RECORDS SHOWN:
....................

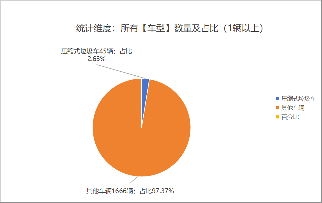 本次公告中的45款壓縮式垃圾車中底盤生產(chǎn)企業(yè)共計18家,其中:安徽江淮汽車集團股份有限公司(2輛,占比4.4%)、北京福田戴姆勒汽車有限公司(1輛,占比2.2%)、北汽福田汽車股份有限公司(5輛,占比11.1%)、程力汽車集團股份有限公司(1輛,占比2.2%)、東風汽車股份有限公司(6輛,占比13.3%)、東風汽車集團有限公司(4輛,占比8.9%)、東風商用車新疆有限公司(2輛,占比4.4%)、東風商用車有限公司(2輛,占比4.4%)、江鈴汽車股份有限公司(1輛,占比2.2%)、江西吉利新能源商用車有限公司(1輛,占比2.2%)、陜西汽車集團股份有限公司(4輛,占比8.9%)、上汽大通汽車有限公司(4輛,占比8.9%)、浙江飛碟汽車制造有限公司(1輛,占比2.2%)、鄭州宇通集團有限公司(1輛,占比2.2%)、中國第一汽車集團有限公司(2輛,占比4.4%)、中國重汽集團成都王牌商用車有限公司(1輛,占比2.2%)、中國重汽集團福建海西汽車有限公司(3輛,占比6.7%)、中國重汽集團濟南卡車股份有限公司(4輛,占比8.9%)。
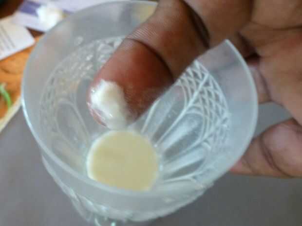 • Mezclar una cucharada de miel (o azúcar) y de la bebida
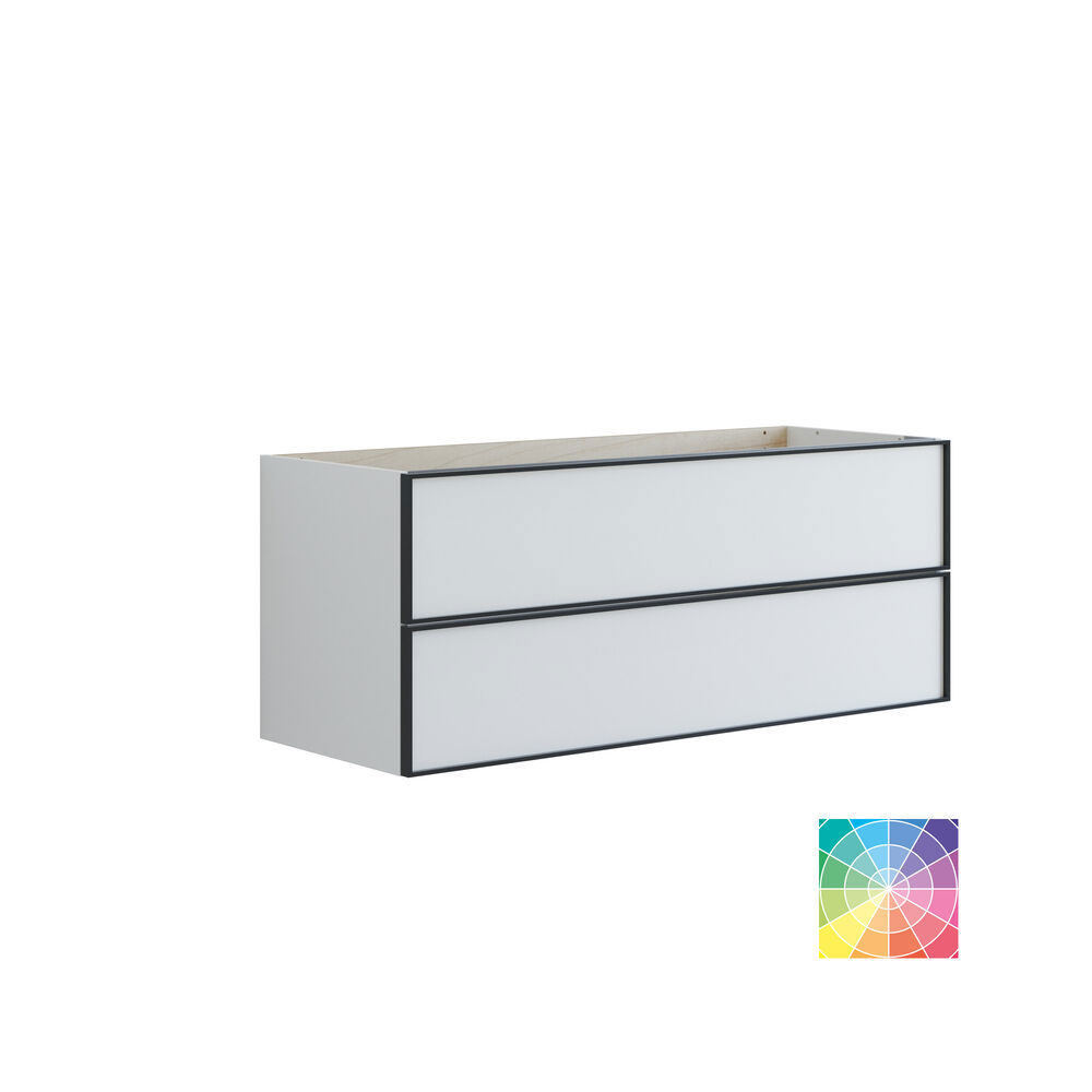 Upgrade your bathroom with cabinets that feature 2 drawers for smart storage and no waste cut-out. Standing at 48 cm tall, these cabinets showcase a stylish black frame that adds a modern and refined look. They are ideal for pairing with a vanity unit and a countertop with a freestanding basin. The black frame provides not only ample storage space but also an attractive design solution. Choose from various colors to create the perfect match for your decor. NB: There is a start-up fee (BI2) for products with bespoke colour. It is an one-off surcharge per bespoke colour regardless number of products. Remember to add the little practical things to your bathroom furniture that you will enjoy on a daily basis. For example, lights in drawers and cabinets, built-in electrical sockets and dimmed sensor lights under the furniture to guide night-time bathroom visits. Options are ordered at the same time as your furniture.
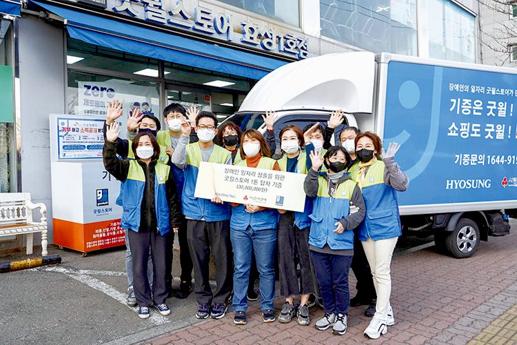 효성그룹이 3월 17일 서울 은평구에 있는 굿윌스토어에 기증품 운반을 위한 1톤 트럭을 후원했다. 기존에 사용하던 트럭도 2013년 효성그룹이 지원한 차량이다. 효성그룹이 장애인과 취약 계층의 일자리 창출을 위해 설립한 굿윌스토어 은평점에서는 중증 장애인 5명과 탈북민 2명이 일하고 있으며 기증품을 분류하고 판매하는 업무를 담당하고 있다.
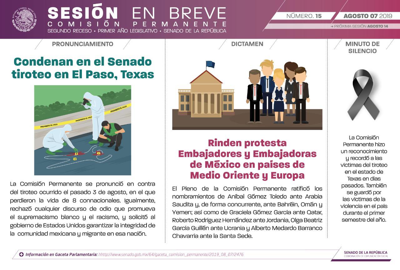 Sesión en breve, condenan en el Senado tiroteo en El Paso, Texas
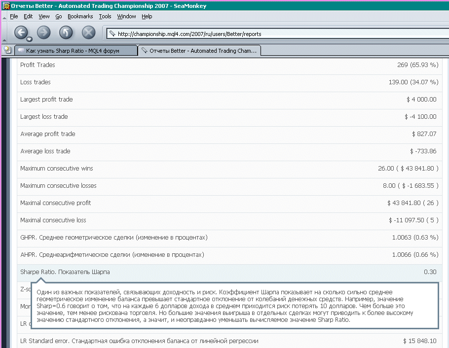 Кто знает, как узнать Sharp Ratio после теста робота?
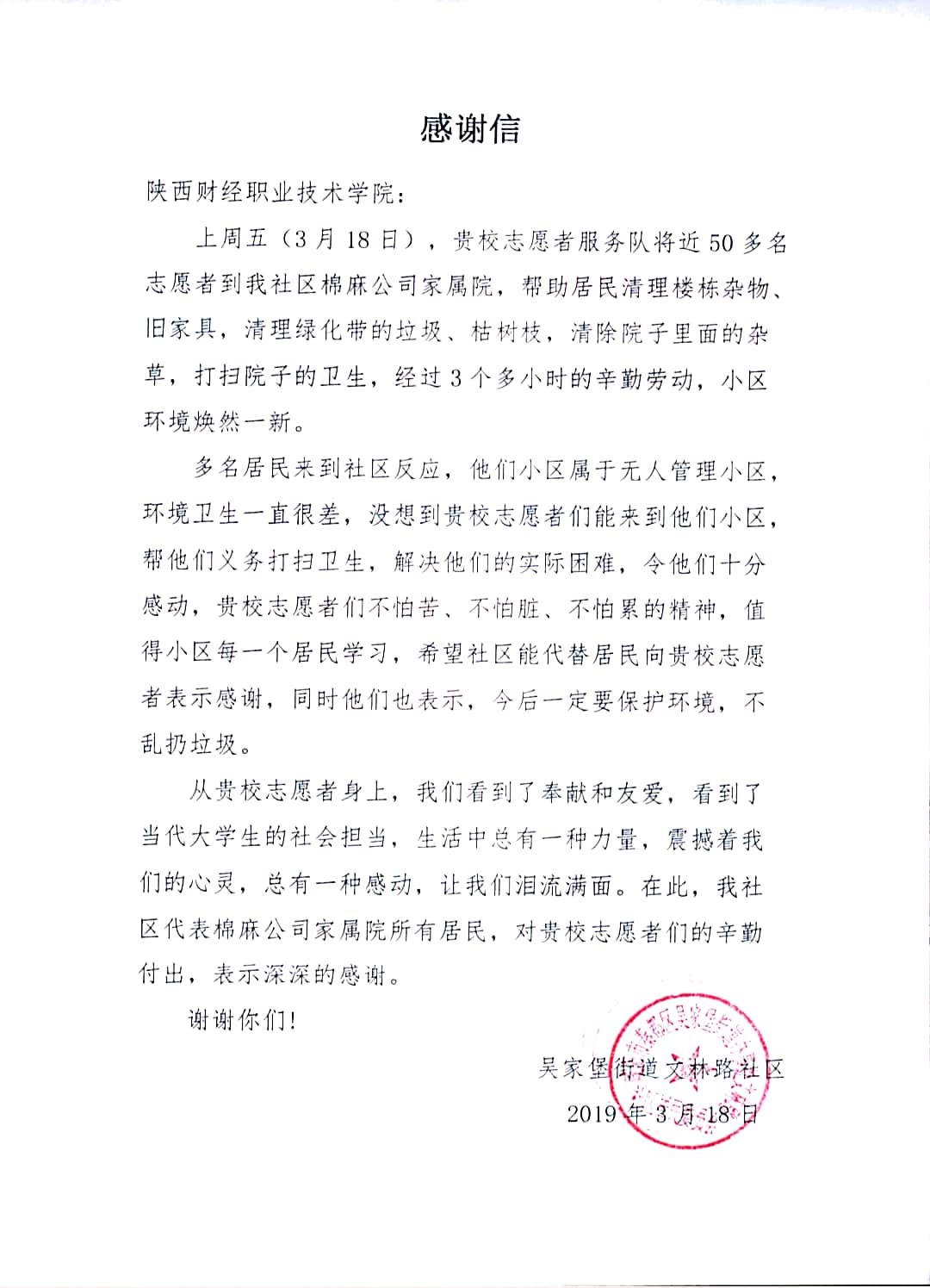 近日,我院收到吴家堡街道文林路社区向我院发来的感谢信,对我院大学生志愿者甘于奉献、不怕吃苦的志愿服务精神高度赞扬。
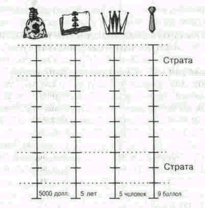 Неравенство расстояний между статусами — основное свойство стратификации. У нее четыре измерительных линейки, или оси координат. Все они расположены вертикально и рядом друг с другом:
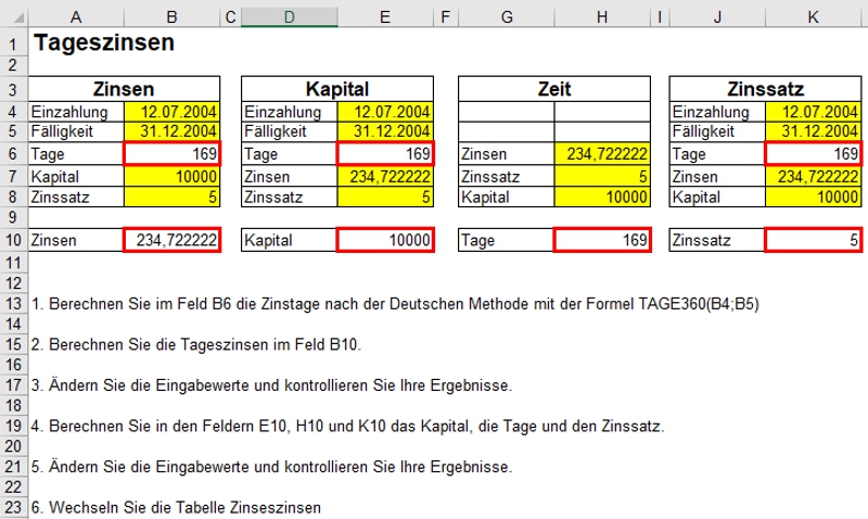 Laden Sie die Excel-Tabelle und führen Sie die Berechnungen zur Zinsrechnung
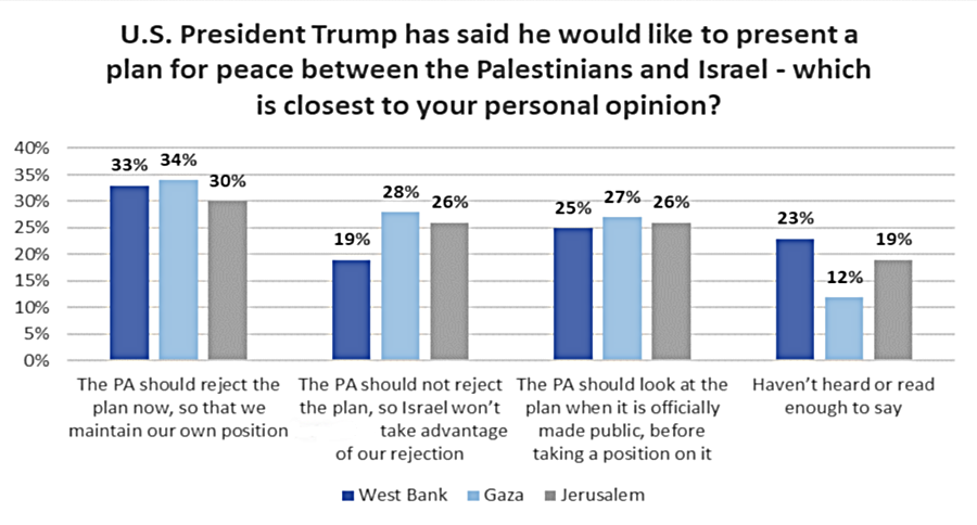 A poll by the Palestine Center for Public Opinion, taken June 27-July 19 indicates that the majority of Palestinians in the West Bank and Gaza oppose their leaderships’ preemptive rejection of the Trump administration’s peace plan—despite widespread popular disapproval of President Trump.
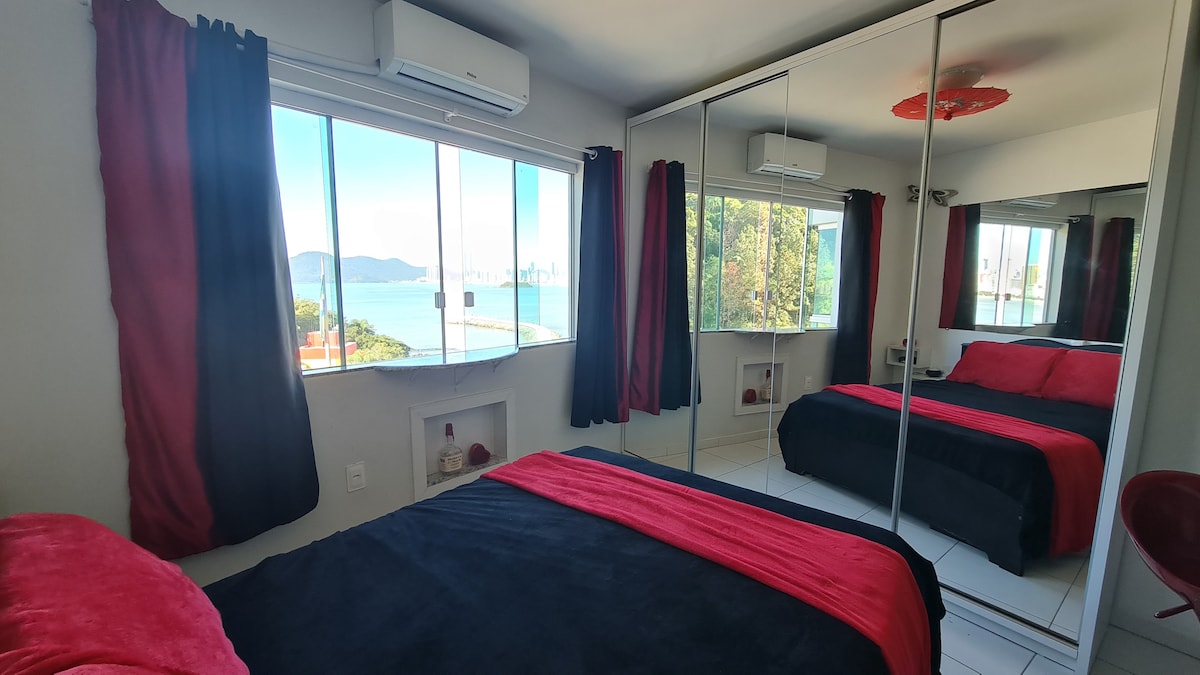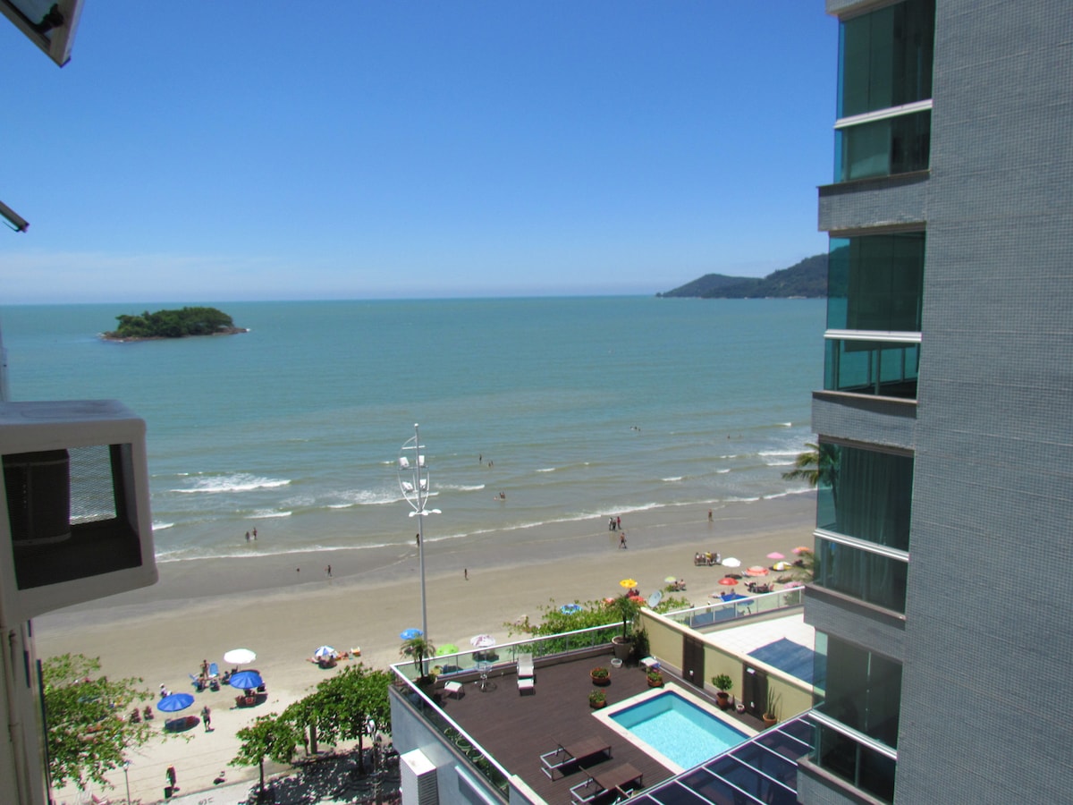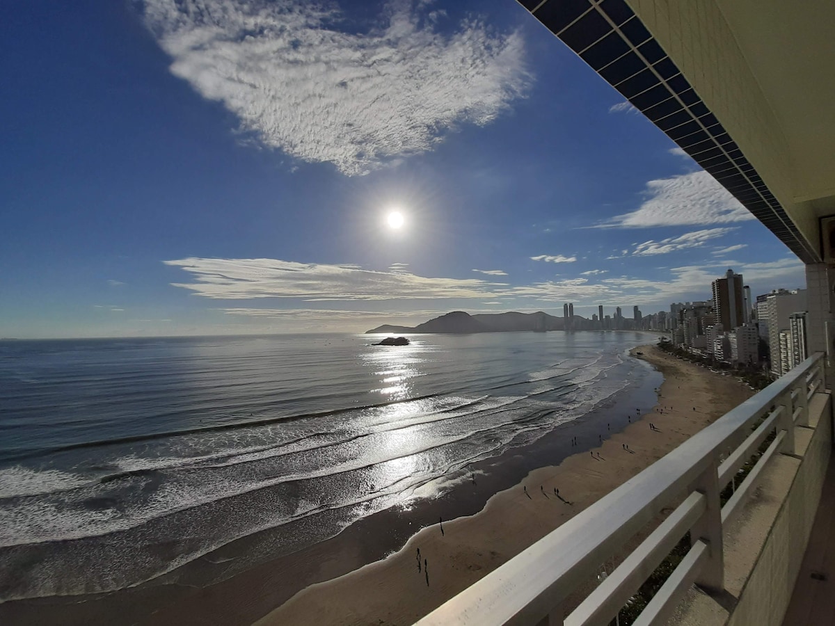 Ideal para namorar! Kitnet com vista para o mar, morro e big wheel. Não tem janelas de outras edificações para o frente. Vista maravilhosa pra orla de BC Confortável e aconchegante! Split A/C quente/frio. Piscina, Jacuzzi, Academia e Garagem. Pequeno mas totalmente confortável. Bem conectado: ônibus locais param no frente. Cafeteria e pizzaria, loja de convencias e lavanderia auto serviço 24 hs dentro do predio . Kiosque de aluguel.

....................

Please repeat the lines of the material above exactly, starting with the line that contains "Sesión en breve, condenan" and ending with the line that contains "Laden Sie die". Leave the pictures out.

 Sesión en breve, condenan en el Senado tiroteo en El Paso, Texas
 Кто знает, как узнать Sharp Ratio после теста робота?
 近日,我院收到吴家堡街道文林路社区向我院发来的感谢信,对我院大学生志愿者甘于奉献、不怕吃苦的志愿服务精神高度赞扬。
 Неравенство расстояний между статусами — основное свойство стратификации. У нее четыре измерительных линейки, или оси координат. Все они расположены вертикально и рядом друг с другом:
 Laden Sie die Excel-Tabelle und führen Sie die Berechnungen zur Zinsrechnung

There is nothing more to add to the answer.